Open jamesallenevans opened 4 years ago
The authors strive for grammatical purity. They put much effort into “abstracting away from general statistical regularities” (p. 1792) to “combat [the] problem that [...] many existing evaluation data sets contain biases that allow for high performance based on superficial cues” (p. 1791). But are the authors not overcorrecting? The examples of generated sentences provided in table 1 (p. 1795) are grammatically correct, but it is almost impossible to imagine a situation in which regular speakers/authors would use them, e.g., “the doctors that helped the lawyers are being recommended by the student.” Most grammatically possible sentences will never be formed by human beings. The superficial cues may hence not be so superficial at all.
I really like the "lexicalized case frame" the authors employ in creating the event representations of sentences. They remind of abstract syntax trees in programming, and I think that the authors are right when they say that these are good semantic representations.
Maybe I'm misunderstanding the point of the article, but why did they prune away the grammatically incorrect sentences (leaving them with the grammatically correct, but as @ckoerner648 noted, weird sentences in Fig. 2)? Are they taking grammar to the be the ground truth algorithm of language?

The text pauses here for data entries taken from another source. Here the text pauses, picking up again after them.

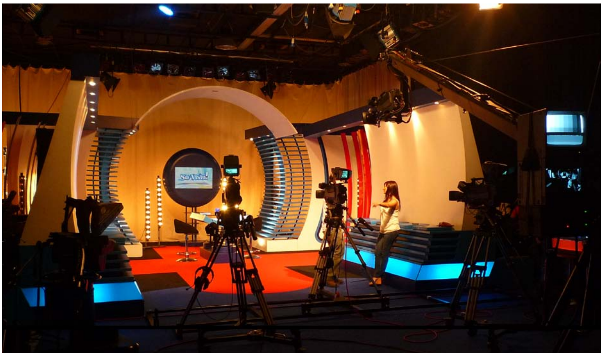
Fig.2 - Estúdio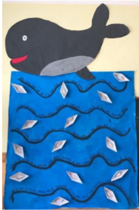
Figura 10 - Reconto da história "O Regresso da Baleia"

Ao longo deste estágio contei outras histórias durante a “Hora do Conto” que foram marcadas apenas com pequenas ilustrações realizadas pelas crianças depois da audição da história. Com estas intervenções percebi que as rotinas são de extrema importância para o quotidiano das crianças e que a leitura nem sempre estava presente nos dias daquelas crianças, pois muitas delas não estavam habituadas a escutar e a aproveitar o momento de descontração e aprendizagem. Com a minha prática retirei também alguns ensinamentos, nomeadamente que as histórias têm de ser muito apelativas e que a forma como são contadas também, que é necessário dar algum ênfase à forma como se lê a história para as crianças e muitas vezes é necessário fazer algumas adaptações do texto, pois este pode tornar-se muito complexo para as mesmas. Se colocasse em prática hoje em dia todas estas intervenções teria feito uma melhor preparação da leitura e da forma como a interpretaria, pois nas minhas primeiras intervenções não tinha preparado a leitura o suficiente e isso acabou por se tornar num ponto negativo da minha autoavaliação no decorrer do estágio.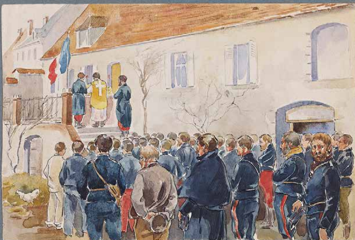
Messe de la Toussaint

Messe de la Toussaint, Charles Oberthür, ■ ..... aquarelle, 1914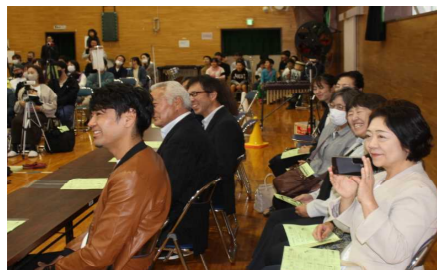
来賓の皆さんも笑顔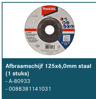
Afbraamschijf 125x6,0mm staal (1 stuks) - A-80933 - 0088381141031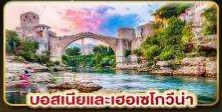
บอสเนียและเฮอซโกวีนา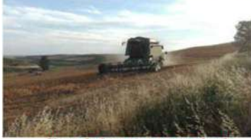
Siega de forrajes y cosecha de Guisantes en junio y Julio 2017

El año ha sido uno de los más secos en Invierno y Primavera en toda la zona Norte y Centro de España. Toda la Meseta del Duero ha sufrido una de las peores sequías de los últimos lustros (el cauce de nuestro río Hormazuela, está seco en Isar), y la poca lluvia de la Primavera ha hecho que en muchas provincias castellanas, no se hayan cosechado los campos, por que no ha merecido la pena.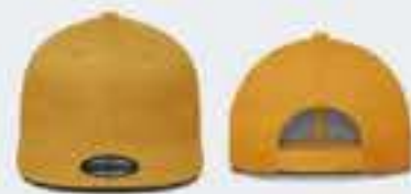
AMARILLO MANGO SKU: 8274-00000 UNITALLA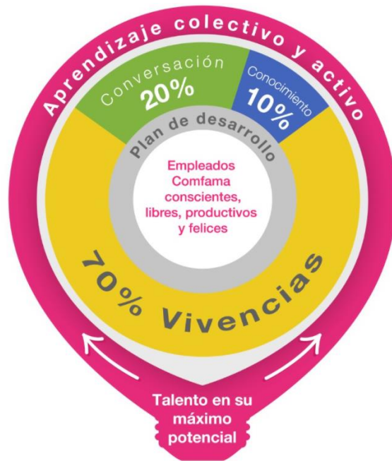
Imagen 3. Aprendizaje organizacional de Comfama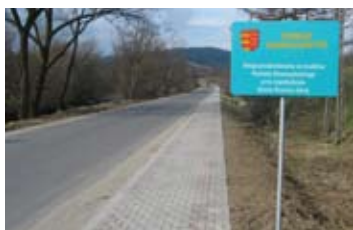
Przebudowa drogi Krynica - Tylicz i Powroźnik - Tylicz. Koszt: 4.400.000 zł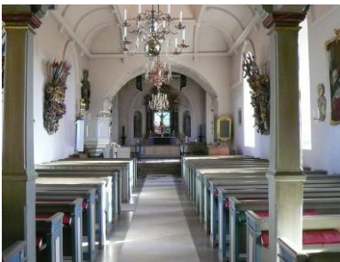
B 07 – långhuset med högkoret, fr. V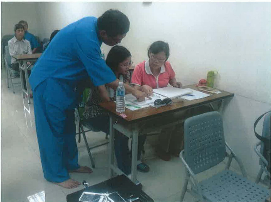
課輔師資培訓研習-學員互相討論學習心得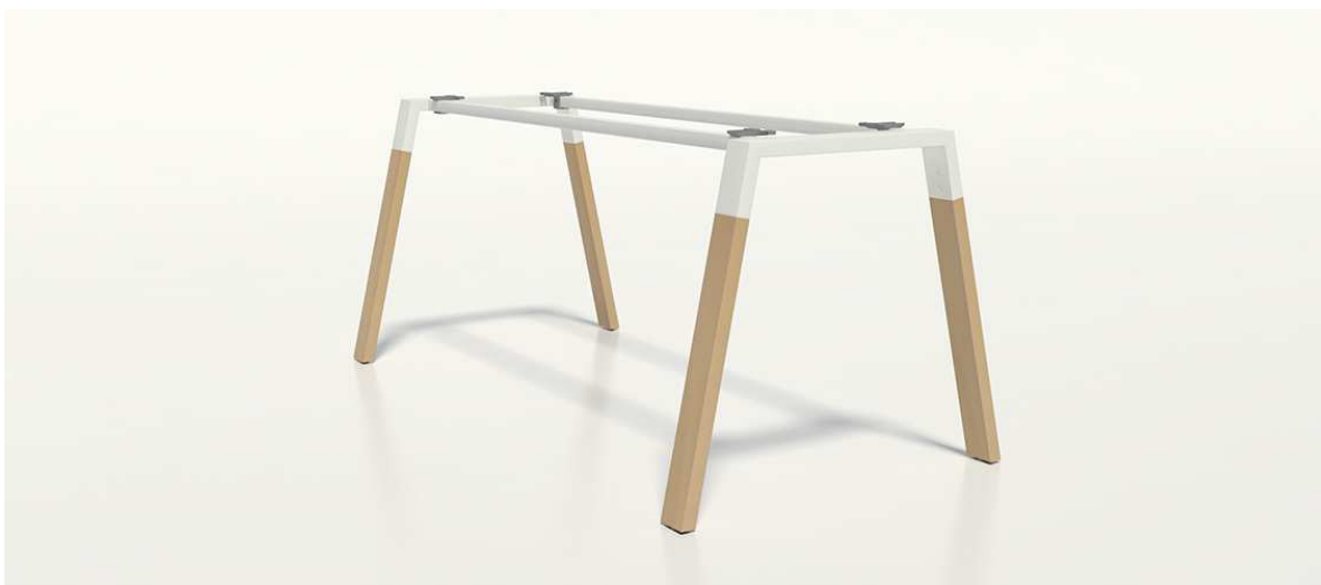
tvarový příklad podnože jídelních stolů - lze nabídnout i jiné rovnocenné řešení

Podnože jídelních stolů – stolová konstrukce v kombinaci dřevěných nohou a kovového mostu dle tvarového příkladu, možnost volby druhu dřeva a odstínu kovových částí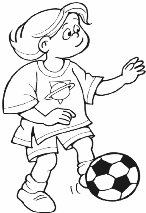
Adivinanza número 1

It would be awesome to have Dr. Ettinger speak to the class (or the MACS workshop 🙂).
Like @ckoerner648 mentioned, there is the danger of overcorrecting in the generation model, but I would argue that the effects of bias are perhaps a greater danger that should be prioritized. The diminishing of bias in a dataset might justify inaccuracy with overcorrection, or is it perhaps, necessary to strike a balance between the two?
This was a great paper to read, and stands in stark contrast to the OpenAI GPT-2 paper for its focus on interpretability and the extraction of meaning. It's interesting to note that they adapted techniques from cognitive neuroscience and psycholinguistics to interrogate the accuracy and structure of neural network methods.
How do BERT, ELMo and GPT-2 perform on the set of tests proposed in this paper? For me, these tests could provide greater insight about how these models parse meaning, even with sentence structures that are rarely used (like those in Table 2).
I like how Ettinger et al. probe the possibility of teasing the meaning of sentences which seems to be overlooked in models like embeddings. My question is on the application of their approach to texts that social scientists are interested in. What would be the example of applications, say in Sociological research?
I like the idea to add semantic(syntax?) structure in one sentence into the model.
Ettinger et al.’s work seems to complement the other works we read this week in that their work aims to increase the interpretability of neural network models and to provide explanations of model predictions. Thus, it will be very interesting to apply their model to neural network models such as LSTM and to see how these models learn the composition of sentences. They underscore the importance of composition in meaning extraction of sentences. The authors distinguish their work which focus on systematic compositional processes from those that suffer from biases based on general statistical regularities (1791).
This article used a well-controlled experiment to test the ‘semantic’ capability of different sentence embedding models. However, it did not show promising results that sentence embedding models failed to figure out whether the subject is the ‘agent’ or not. I like this study very much that it gives detailed considerations of confounding variables; while I am still very shocked by the results that even the most advanced sentence embeddings could not extract the simple ‘agent’/‘subject’ relationship in the sentence.
I think technically this paper tried to make us understand the importance of the variations that happened in NLP, which reveals a current drawback of most NLP methods: unable to capture the relationship or build human-like logic connections between words or BOW. The author proposed a system with annotated sentences to reduce this kind of inability to some extent, so I hope to know if we can find other approaches to understand the connections by deductions rather than annotated information?
Ettinger, A., Elgohary, A., Phillips, C., Resnik, P. (2018). “Assessing Composition in Sentence Vector Representations.” Proceedings of the 27th International Conference on Computational Linguistics.